The marks of the body were bad enough – the dry, sallow skin, the birdlike bones almost exposed beneath the flesh. Worse was the blankness of the eyes, the way Bahadur would keep pausing during a simple movement. The hand that wandered to a wine cup would stop part of the way there as though he had forgotten what it was he was supposed to be doing, or a hand would scratch ceaselessly at the scalp until it drew blood.
They sat together cross-legged upon the ground, a woven rug laid beneath them – the charred and half-burned one that Kai had taken from their village. And on it were placed the gifts that Kai’s warband had brought like offerings to a king. Clay jars of honey and bowls of blood, scraps of meat and skins of wine. Bahadur ate and drank like one discovering food for the first time, while Kai, Arite, and Lucius waited in silence for him to speak. For that was all Bahadur had said that morning, once he had learned they had a prisoner amongst them. That he wanted the Roman there.
At last, it seemed, Bahadur could eat no more. He closed his eyes, and let the spring sun wash over him. And with his eyes still shut, he said: ‘Those white-faced riders. The ones from many different clans, who brought these gifts. Why do they answer to you?’
‘I led them here. After the battle on the ice.’
‘You were a captain?’
‘Of sorts, for a time. No longer. They honour me still, though I have not earned the right.’
‘For that I am glad. That I lived to know that you earned a captain’s mark.’
Bahadur fell silent, and did not speak for a long time. Once more the forgetful motions, his finger tracing the rich patterns of the rug beneath them, the drawings of monsters killing horses, men killing monsters. Hunters and hunted, the path of life and death and rebirth. The story of their people, told over and over again.
And when he spoke again, it was not to his wife, nor to Kai. It was to the Roman.
‘Have you ever been close to your Emperor?’ said Bahadur. ‘Talked to him, as we are talking now?’
‘No,’ Lucius answered. ‘I saw him, once. But I never had the honour of speaking to him.’
‘Honour, is it?’ Bahadur shivered once. ‘Perhaps for you. I wish that I had died, rather than be honoured in that way. To know what I know now.’
‘You spoke with him?’ said Kai.
‘Yes. Many times. Though not as men speak with men. It was as if… as if I were some dog of his.’
Arite said: ‘It is a message that you bring from him?’
‘It is,’ said Bahadur. ‘I thought of all the ways that I might say it, when I came here.

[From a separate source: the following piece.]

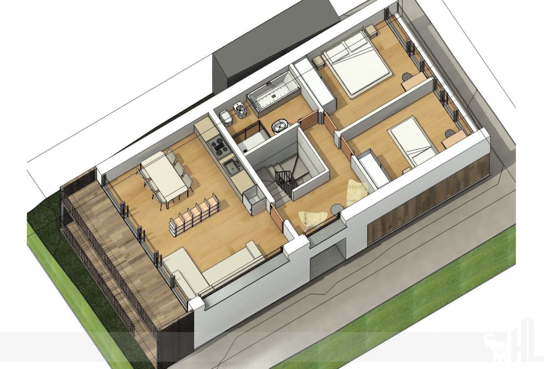 Il primo piano invece, ospiterà una luminosa zona giorno open space con cucina a vista ed area living, due camere da letto ed un secondo bagno, garantendo così una distribuzione razionale e accogliente degli spazi interni.

I thought that I knew, but now…’ The words trailed away.
‘They mean to make the peace cost us,’ said Kai. ‘We all know that. You—’
‘You do not know what Rome is!’ And Bahadur was shouting then, the words ringing like the sound of sword against shield. ‘You think he is some angry chieftain come to make war with you,’ he said, ‘from some border tribe stirred up by a bloodfeud? You think to give them tribute and offer an honourable peace between worthy warriors?’
Arite reached out to him, a tentative hand on his, and he snatched it away as though he had been burned. ‘Do not touch me,’ he said. ‘Do not paw at me as though I am a sick child.’
‘Tell us, then,’ said Kai. ‘What message do you bring?’
‘There are no terms but these. That we submit to him and make ourselves his slaves, give them rulership over our lands and our people. Or they will destroy us all.’
Silence, then. Only the sounds of the camp – from somewhere close, the laughter of a playing child, the hiss of a cooking fire, the sharp whispers of an argument between lovers. What a thing it was, to know the ending of the world before any others. To see the rest of one’s people go about the day unknowing, when nothing that they did mattered any more.
‘You might as well have said that they meant to reach out and stop the sun in the sky,’ said Kai. ‘They cannot do it.’
‘They can. They think us wild children, playing with sticks. Or starving wolves that harass their sheep. You would kill those wolves any way that you could, would you not? Track them to their caves and strangle the puppies, and you would think it a good day’s work. And so it is with them, and us.’